• What needs to be done: Reproduce the following data exactly, minus any images.

Data shown section start

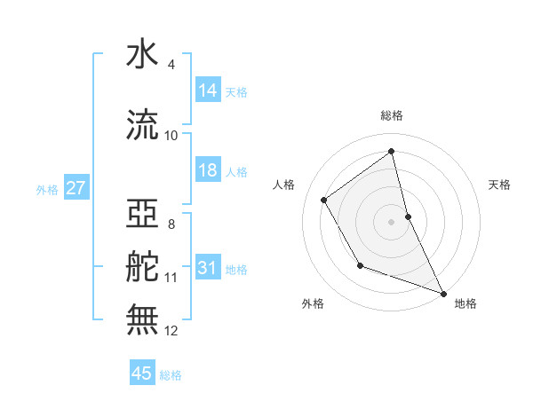 水流 亞舵無さんを姓名の画数から五運を鑑定
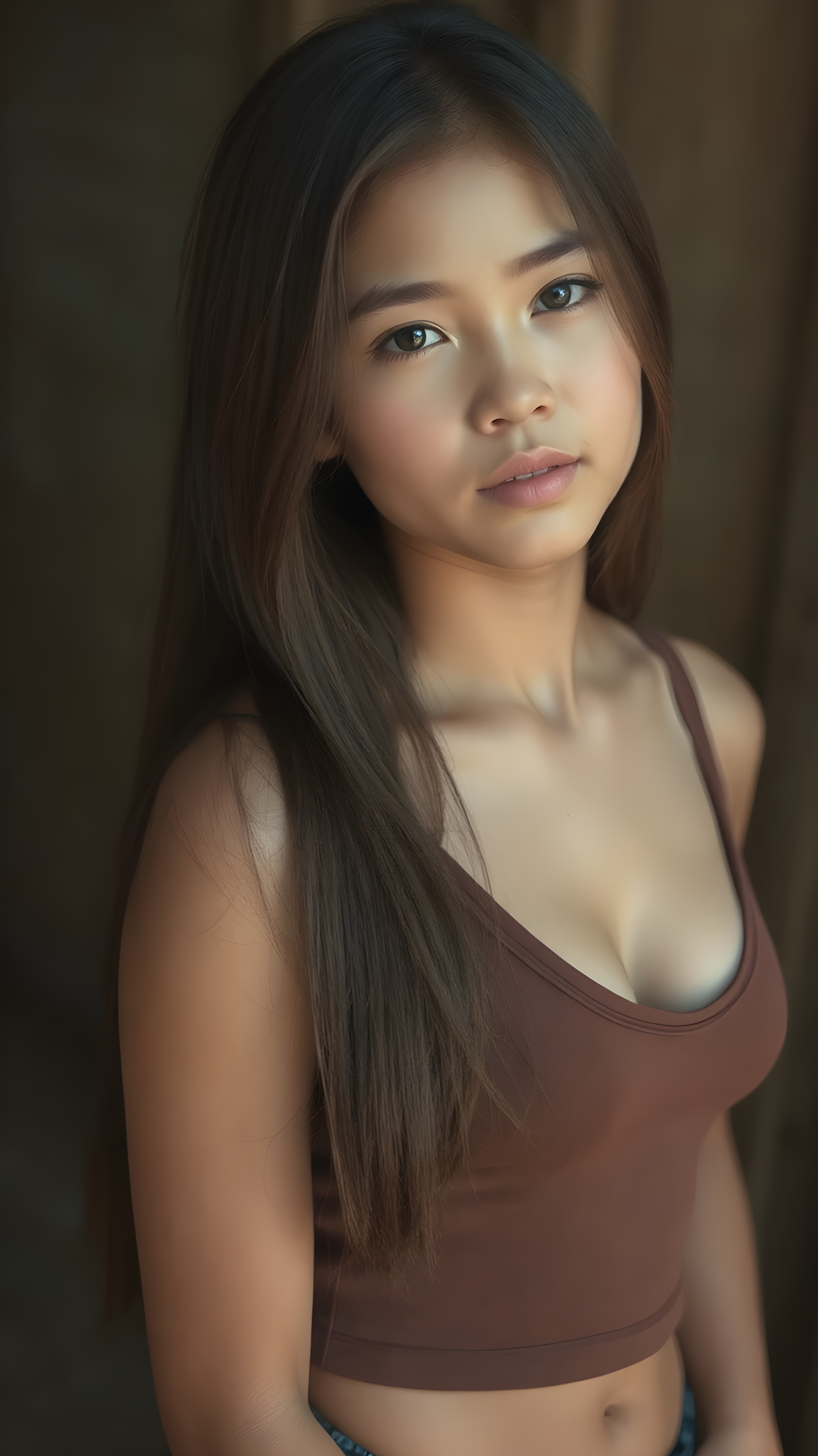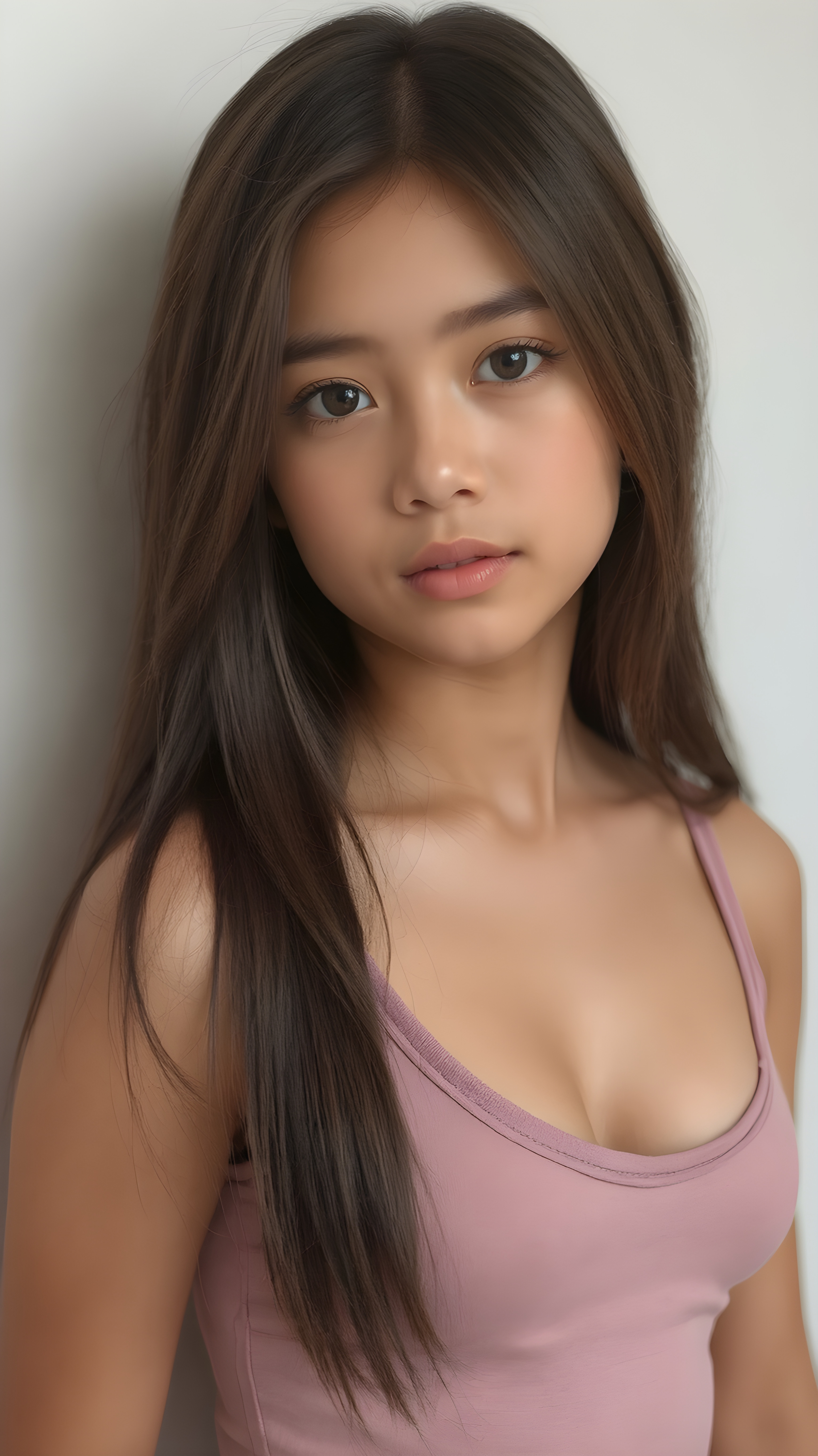 realistic, super high quality upper body portrait in 1:3, beautifully proportioned 14 year old girl, with luxurious long straight blond super soft hair, round cheeks, and bright green eyes. She’s wearing a (short tight white crop tank top, deep v-neck, silver skin, and perfectly complements her full figure), against a dark backdrop
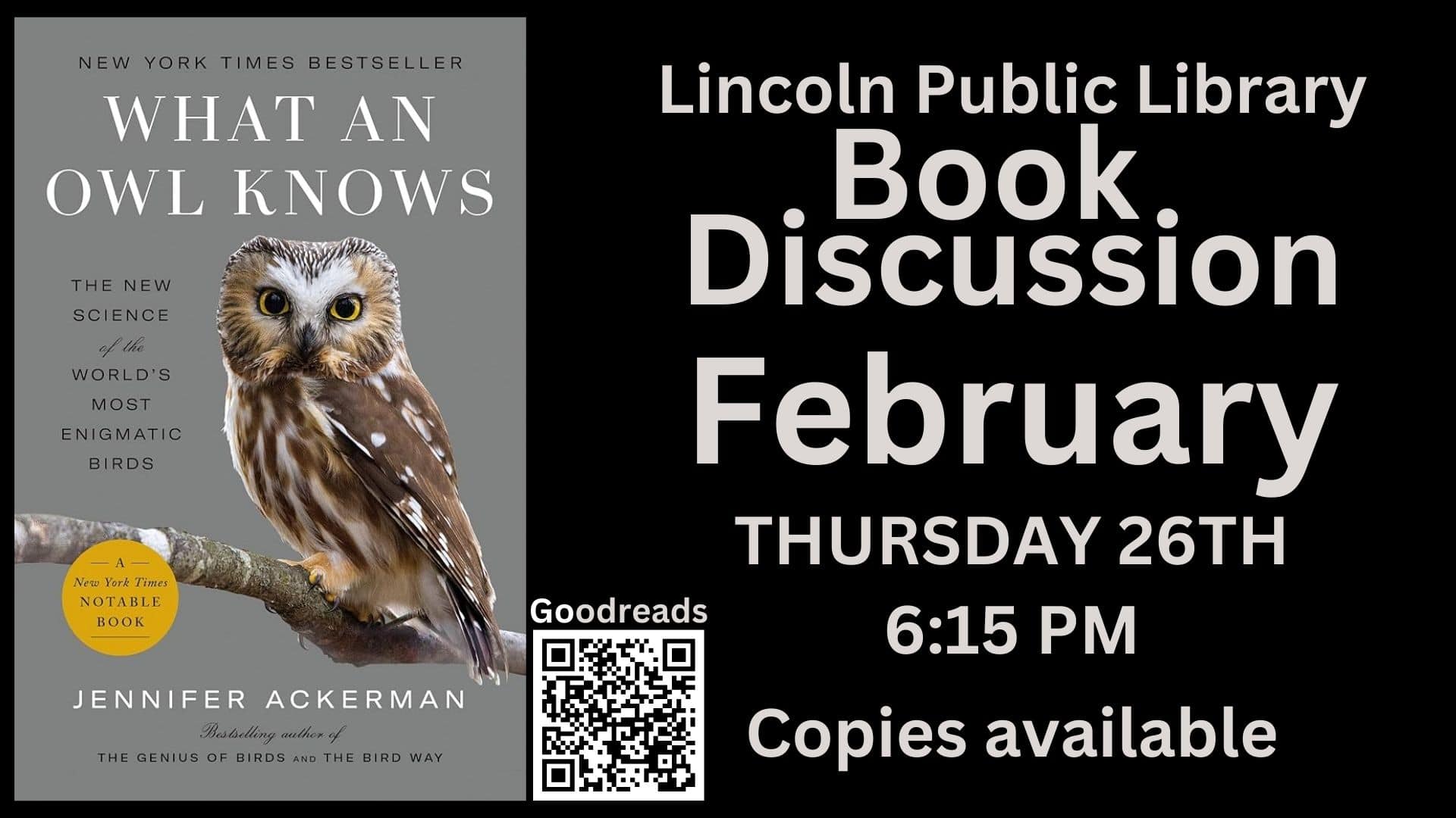 Get ready for a page-turning evening! The Book Review kicks off at 6:15 pm and wraps up by 7:30 pm. Head over to the Lincoln Public Library to snag your discussion books. Just make sure you’re a card-carrying member to check one out. Our delightful Rosz Lowen has picked the next read: “What an Owl Knows” by Jennifer Ackerman. Dive into this New York Times Bestseller for a hoot of a good time! Goodreads link https://www.goodreads.com/book/show/63024269-what-an-owl-knows
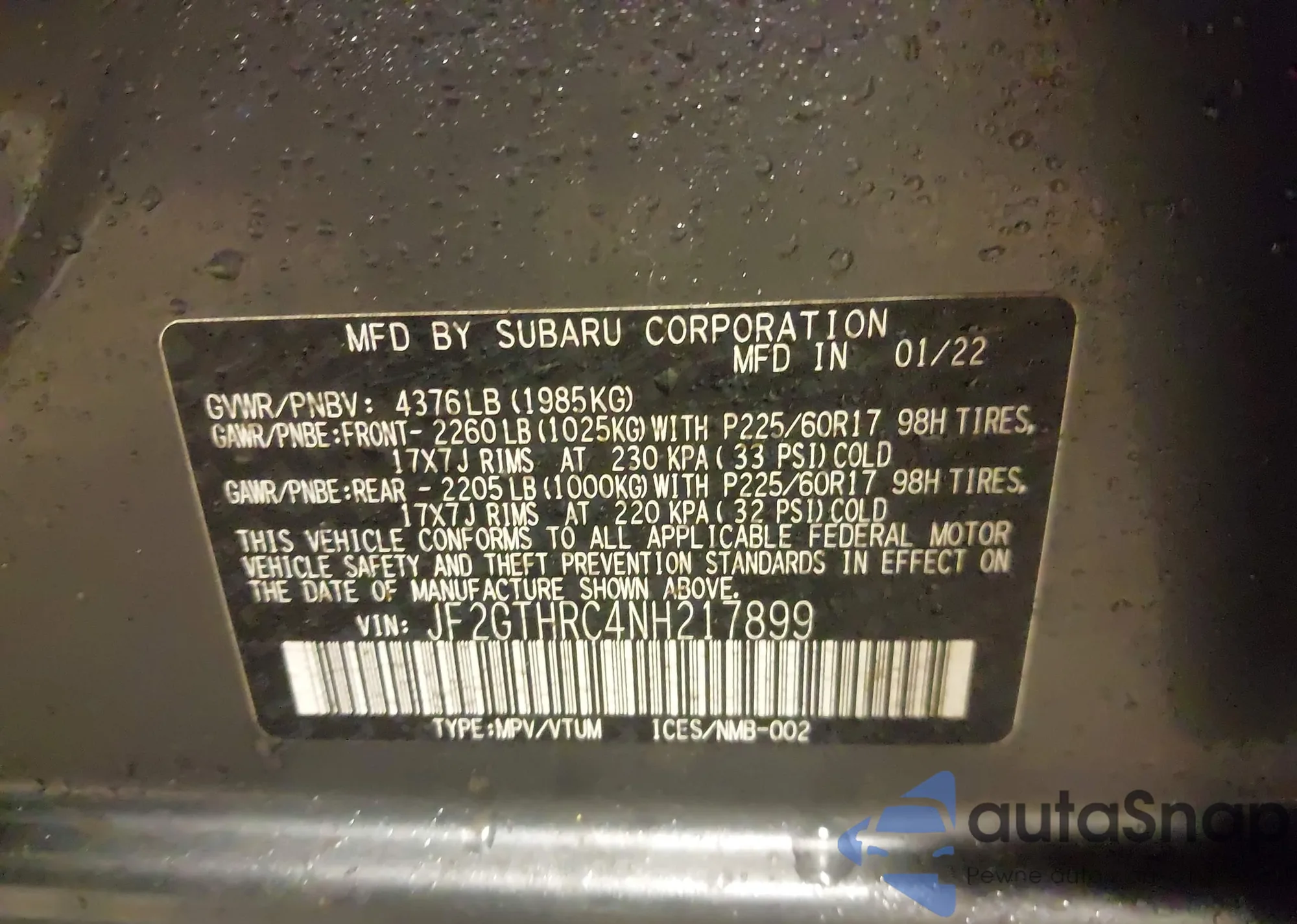 • VIN JF2GTHRC4NH217899

Data shown section end

• Response to this exercise:
 水流 亞舵無さんを姓名の画数から五運を鑑定
 realistic, super high quality upper body portrait in 1:3, beautifully proportioned 14 year old girl, with luxurious long straight blond super soft hair, round cheeks, and bright green eyes. She’s wearing a (short tight white crop tank top, deep v-neck, silver skin, and perfectly complements her full figure), against a dark backdrop
 Get ready for a page-turning evening! The Book Review kicks off at 6:15 pm and wraps up by 7:30 pm. Head over to the Lincoln Public Library to snag your discussion books. Just make sure you’re a card-carrying member to check one out. Our delightful Rosz Lowen has picked the next read: “What an Owl Knows” by Jennifer Ackerman. Dive into this New York Times Bestseller for a hoot of a good time! Goodreads link https://www.goodreads.com/book/show/63024269-what-an-owl-knows
 • VIN JF2GTHRC4NH217899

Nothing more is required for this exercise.